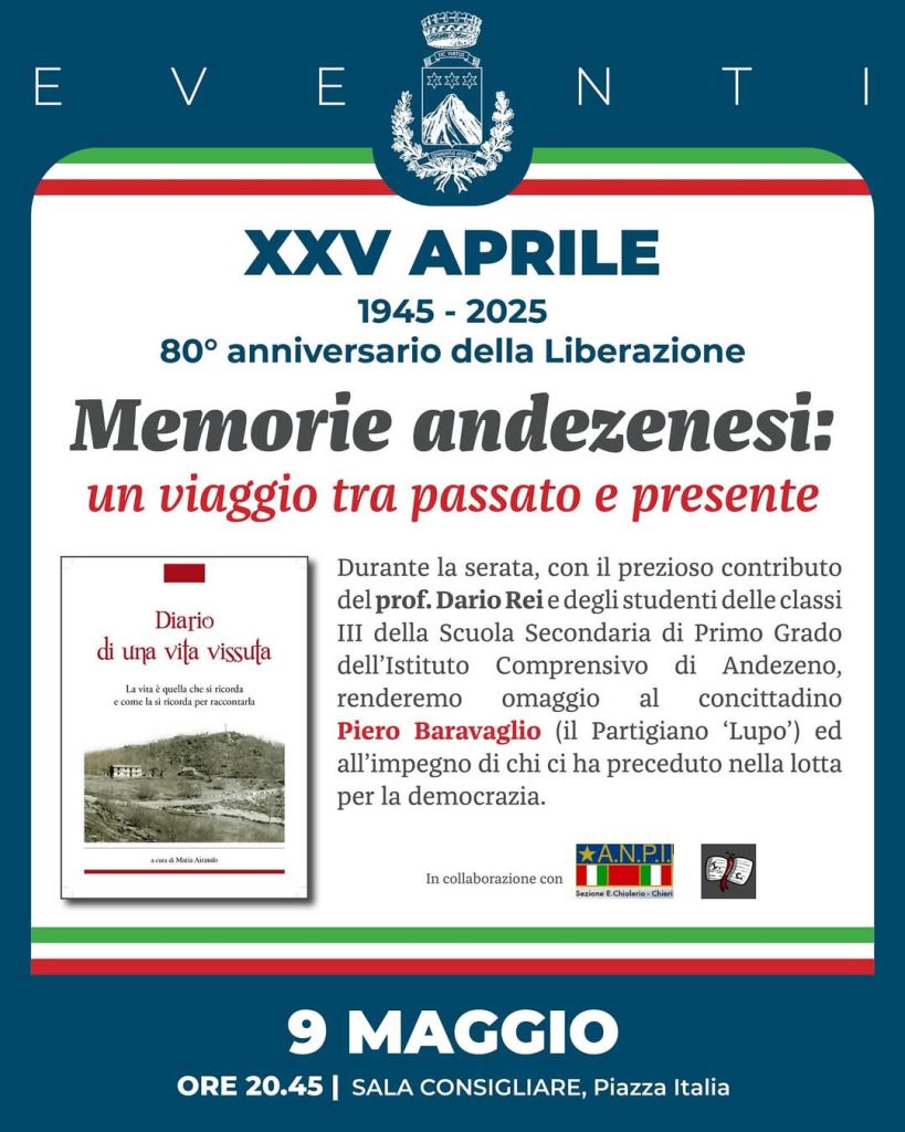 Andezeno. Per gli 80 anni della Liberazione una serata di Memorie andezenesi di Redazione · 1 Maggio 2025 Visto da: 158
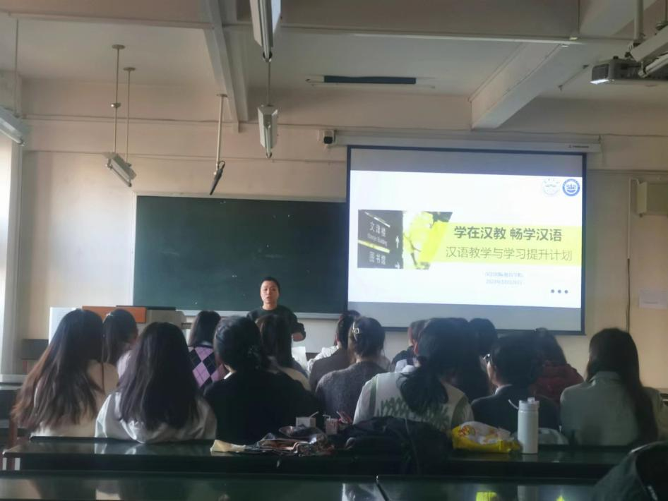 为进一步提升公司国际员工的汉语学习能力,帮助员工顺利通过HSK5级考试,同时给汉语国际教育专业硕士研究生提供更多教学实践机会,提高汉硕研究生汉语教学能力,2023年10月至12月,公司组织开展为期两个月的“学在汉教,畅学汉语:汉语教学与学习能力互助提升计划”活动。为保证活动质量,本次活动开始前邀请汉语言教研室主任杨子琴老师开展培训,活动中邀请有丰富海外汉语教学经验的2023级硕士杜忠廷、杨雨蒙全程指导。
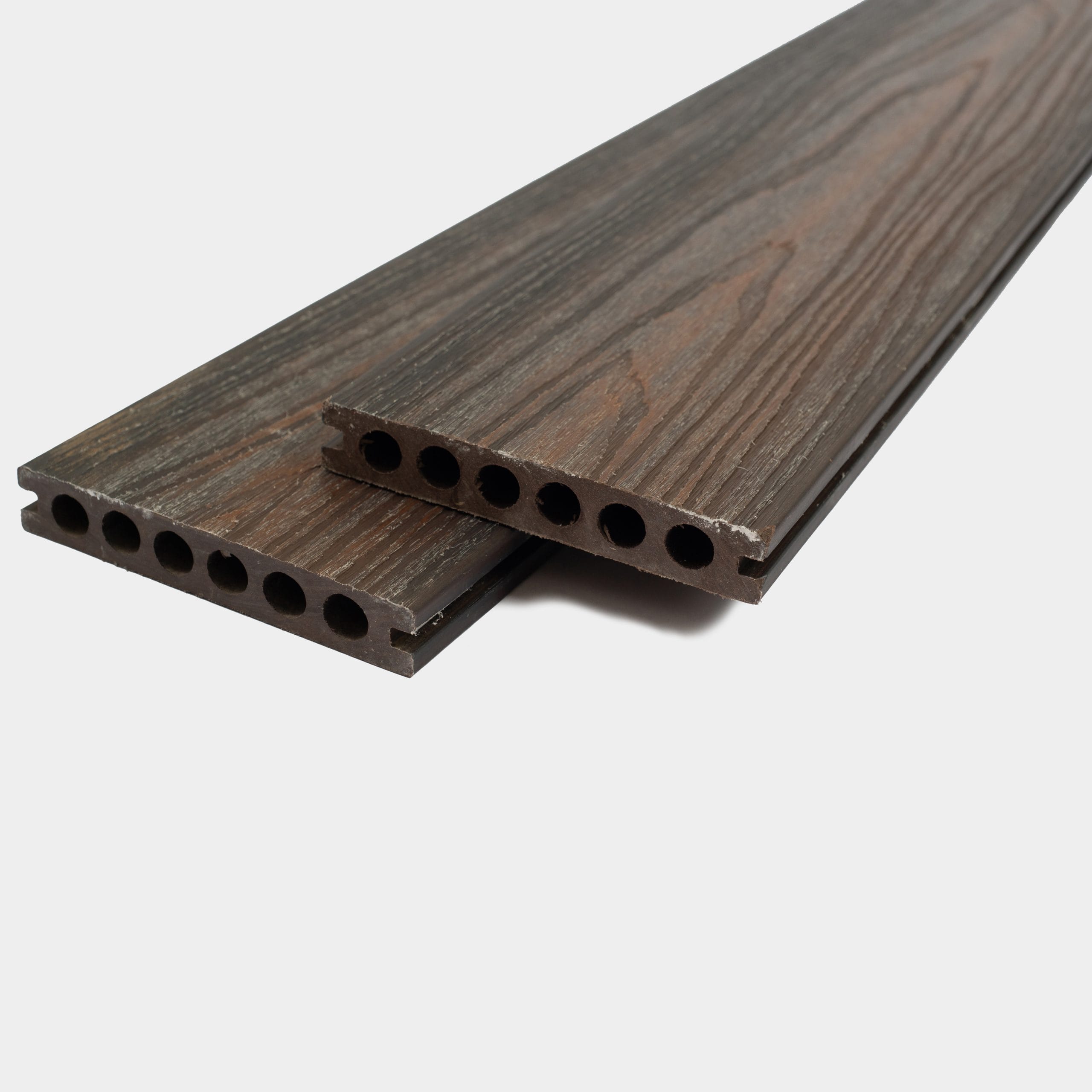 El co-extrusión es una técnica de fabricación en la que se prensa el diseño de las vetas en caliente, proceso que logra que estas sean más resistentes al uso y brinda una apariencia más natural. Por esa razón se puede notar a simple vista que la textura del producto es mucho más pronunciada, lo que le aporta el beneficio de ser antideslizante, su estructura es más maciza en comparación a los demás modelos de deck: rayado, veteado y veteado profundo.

══════

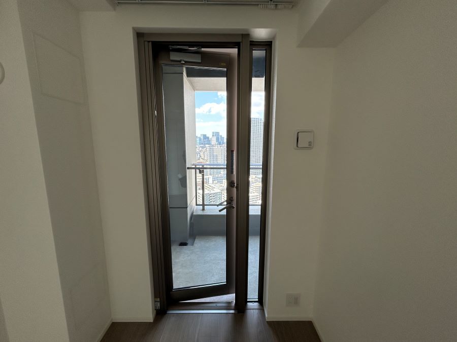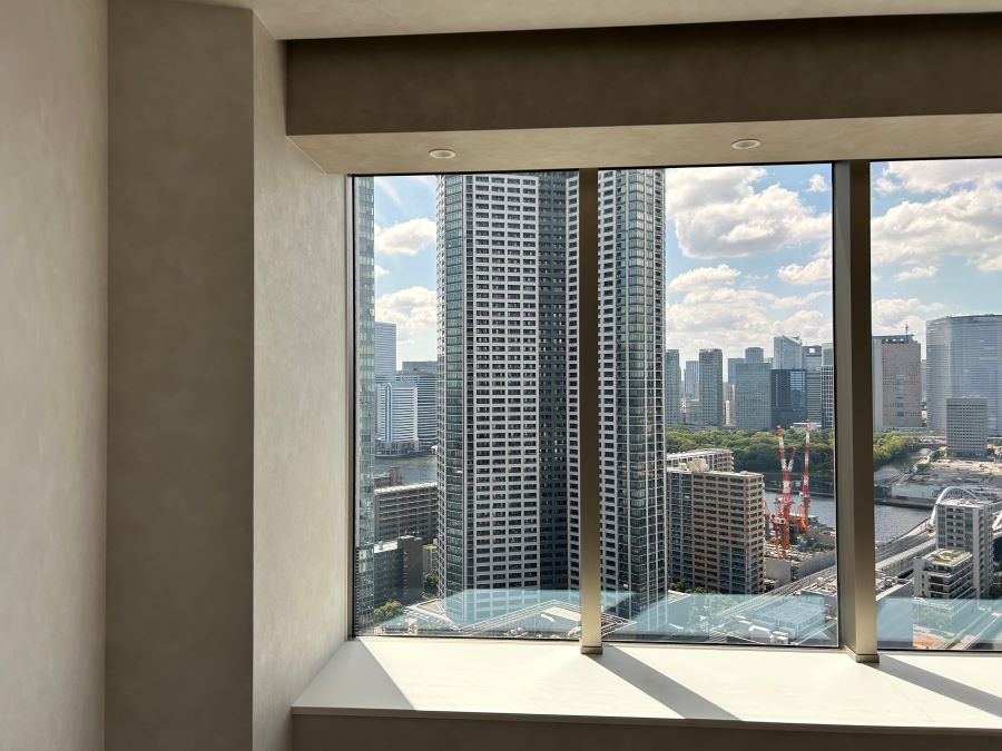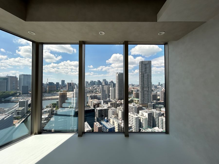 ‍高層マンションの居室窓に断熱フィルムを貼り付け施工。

══════

→ **Exercise goal**
Give the lines above again exactly, from the one containing "Andezeno. Per gli" to the one containing "为进一步提升公司国际员工的汉", both included, but leave out the pictures.

→ **Result of the exercise**
 Andezeno. Per gli 80 anni della Liberazione una serata di Memorie andezenesi di Redazione · 1 Maggio 2025 Visto da: 158
 为进一步提升公司国际员工的汉语学习能力,帮助员工顺利通过HSK5级考试,同时给汉语国际教育专业硕士研究生提供更多教学实践机会,提高汉硕研究生汉语教学能力,2023年10月至12月,公司组织开展为期两个月的“学在汉教,畅学汉语:汉语教学与学习能力互助提升计划”活动。为保证活动质量,本次活动开始前邀请汉语言教研室主任杨子琴老师开展培训,活动中邀请有丰富海外汉语教学经验的2023级硕士杜忠廷、杨雨蒙全程指导。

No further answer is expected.